Recovery was quite easy.  Daddy drove down off the road and backed the trailer into the embankment just below the boat.  With a few pushes the boat slid down the embankment and onto the trailer.  The boat had lost about 6 feet of its center keel, a few feet from each of the side keels, about 4 inches off the motor’s keel.  The prop was a total loss.  Since we carried a spare prop, ever since we dropped one into the Gulf of Mexico, Daddy decided we could continue on.  We finally concluded that turning back would be the safer choice considering the condition of the trailer, but I know he was quietly disappointed with the decision. I have always regretted not choosing to continue that trip.  To this day I remember this trip and the lesson Daddy thought in less that 60 seconds: stay in control, do what you can to protect others, property losses are not relevant when nothing can be done and when nothing else can be done: live life and laugh!


What is it you see?

It was deer season and so it was time to build another deer blind.  The red Dodge pickup was loaded with circular saw, 2 x 6’s and 5 sheets of plywood.  I met Daddy on the on the tennis court at granddaddy's house.  Earlier in the day we had been to Gloor Lumber Yard to buy the material. The plan had been to build the blind out of 2 x 4’s and ¼ inch plywood, but Gloor had discounted some ½ inch rough sawn exterior plywood with a nice 4 inch groove detail.
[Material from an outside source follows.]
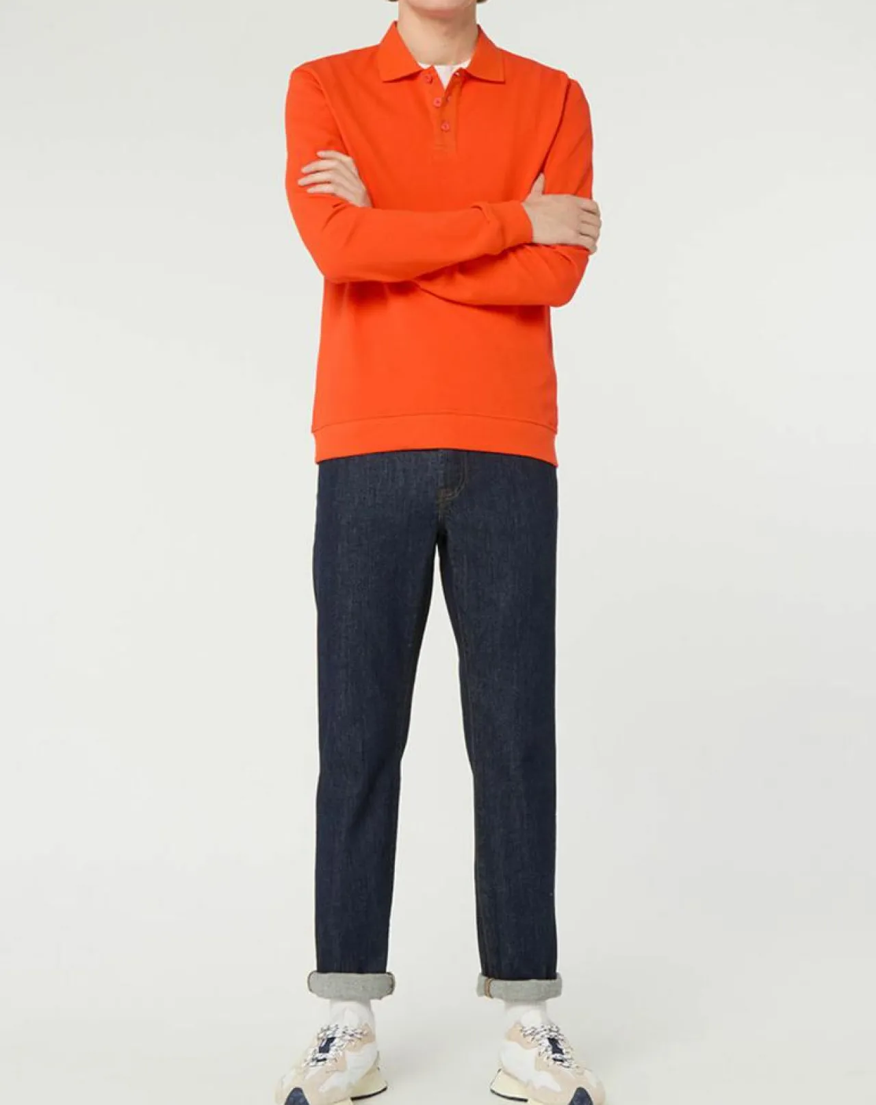 Il est muni d’un col boutonné, de manches longues et de finitions côtelées.

The price was great and we’d have a very stylish deer blind!  In order to accommodate the extra weight we’d just use 2 x 6’s for the legs and base instead of 2 x 4’s. 

Having spent hours is tiny blinds that you have to crawl into; Daddy wanted this one to be comfortable.  This blind was about 3 ½ feet square on the floor which would let it lay on its side in the back of the pickup and just fit between the wheel wells.  And it was tall enough to let you stand up and stretch your legs. We also needed room for the old WWII office chair Daddy had scrounged.  I have to admit it was easy to build.  The floor was the only thing that had any framing; the walls and roof were just nailed together.  We cut out some windows and a door the screwed them back on with some hinges and we were done! It wasn’t until we were loading it into the back of the Dodge that we saw the flaw in the design.  This thing weighed a ton!  It took all we had to push it over and slide it up into the truck bed.  Immediately those 2 x 6’s started looking like skinny legs.  Then I started worrying about how we would ever manage to get the thing up in the air on top of its 16 foot legs. Daddy assured me there was a plan, …something about pushing it up with the truck. 

With the tuck bed completely occupied with the blind and its legs laying beside it and hanging out over the tail gate, packing was a matter of putting everything inside the blind. So the office chair, our guns, ammo bag, and other deer hunting accessories went inside the blind thought the door that was now a top hatch.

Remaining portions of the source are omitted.